Todavía no hay estudios sólidos que lo clarifiquen. Hay dos hipótesis, ambas razonables. Hay estudios que sugieren la transmisión del virus y que, como siguen haciendo su vida habitual, son asintomáticos los principales responsables de seguir con la transmisión del COVID 19. Pero la OMS no lo tiene claro. Por ello, hemos tenido en cuenta las dos posibilidades a la hora de realizar la investigación. En realidad es importante clarificarlo para establecer estrategias eficaces.

¿Cómo entiende la situación actual teniendo en cuenta los resultados de su investigación?

Dadas las cifras actuales de contagio y hospitalización, nos encontramos con dos hipótesis: que los asintomáticos son más contagiosos que los realmente sintomáticos (debido a su menor carga viral pero con mayor movilidad), o que las vacunas no proporcionan una protección suficiente a la transmisión de nuevas variantes del virus. De hecho, en los nuevos virus esperamos una evolución normal que facilite la transmisión de nuevas variantes. Sería normal.

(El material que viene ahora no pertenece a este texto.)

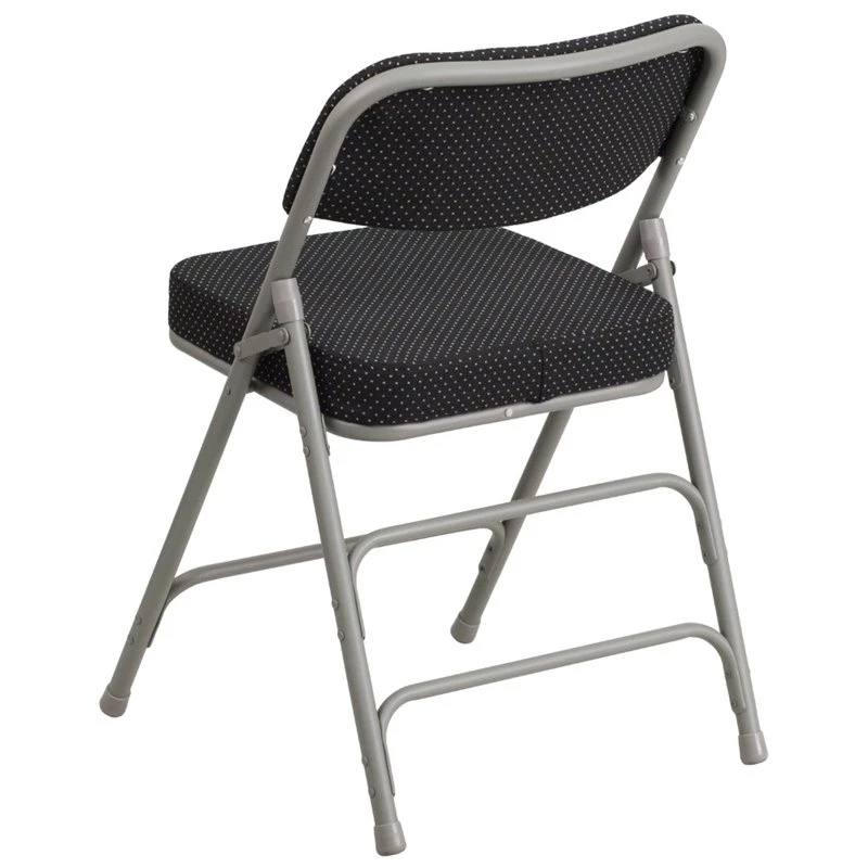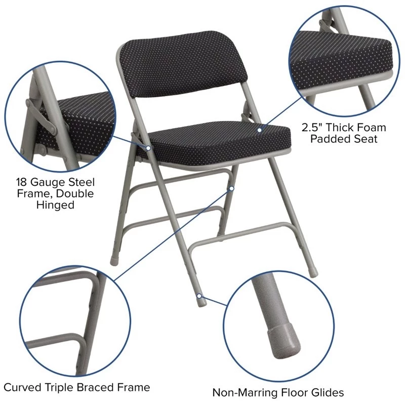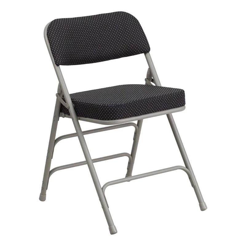 Guests will be amazed in the comfort of this ultra-padded upholstered metal folding chair. Whether you have planned for your guest’s arrival or had a sudden influx of family show up on your doorsteps you’ll be well prepared with these padded folding chairs. Suitable for everyday use you can host holiday parties, birthdays, girl’s night in and game night with chairs that setup quickly and store compactly. Enjoy the good weather by going outdoors to dine and play games. Padded folding chairs provide comfort during extended meetings and social gatherings. Its 18-gauge curved powder coated steel frame is triple braced, and double hinged with leg strengthening support bars to hold up to 300 pounds. Non-marring floor glides on the legs protect your floors by sliding smoothly when you move them. Built for commercial use these attractive chairs are a smart seating solution for your next business meeting as well as in the home for family gatherings and other social events. After outdoor events, store indoors to protect the frames from extreme moisture. With nothing to assemble these chairs come ready to service your needs.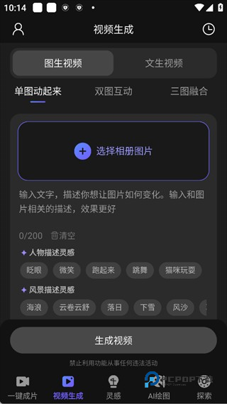 2、视频生成:让你的照片动起来,还能加入捏人、爆炸等热门特效。让回忆重新注入活力与魔法。

A la vista de los resultados de vuestra investigación, ¿qué habría que hacer?

Sea cual sea el motivo, es imprescindible no relajarse con las medidas. La cobertura de vacunación es superior al 80% y una elevada tasa de vacunación puede influir en el comportamiento de la gente: puede estar relajándose, tanto en el uso del beso como en el mantenimiento de la distancia.

Debemos recordar que la efectividad de las vacunas está disminuyendo en cuanto a la capacidad de interrupción de la transmisión, y nuestra investigación ha demostrado que, en este caso, los asintomáticos pueden aumentar el número de positivos. Por tanto, es importante mantener las medidas de protección. Más aún teniendo en cuenta que estamos en plena era de infecciones respiratorias. Ya estamos viendo doble infección: COVID-19 y gripe u otros virus respiratorios. Esto puede empeorar el estado de salud de las personas de riesgo.

Por otro lado, dado que las vacunas están perdiendo la capacidad de interrumpir la transmisión, es importante dar una dosis de refuerzo para recuperar la inmunidad.

Para finalizar, últimamente se está poniendo encima de la mesa la posibilidad de introducir niños menores de 12 años. ¿Qué opinas?

La vacunación no es una acción individual sino social. Vacunando a los niños protegeremos a los adultos. En este caso, la vacuna no tiene peligro para los niños y, aunque está disminuyendo su capacidad de protección frente a la transmisión, siempre reducirá algo la transmisión.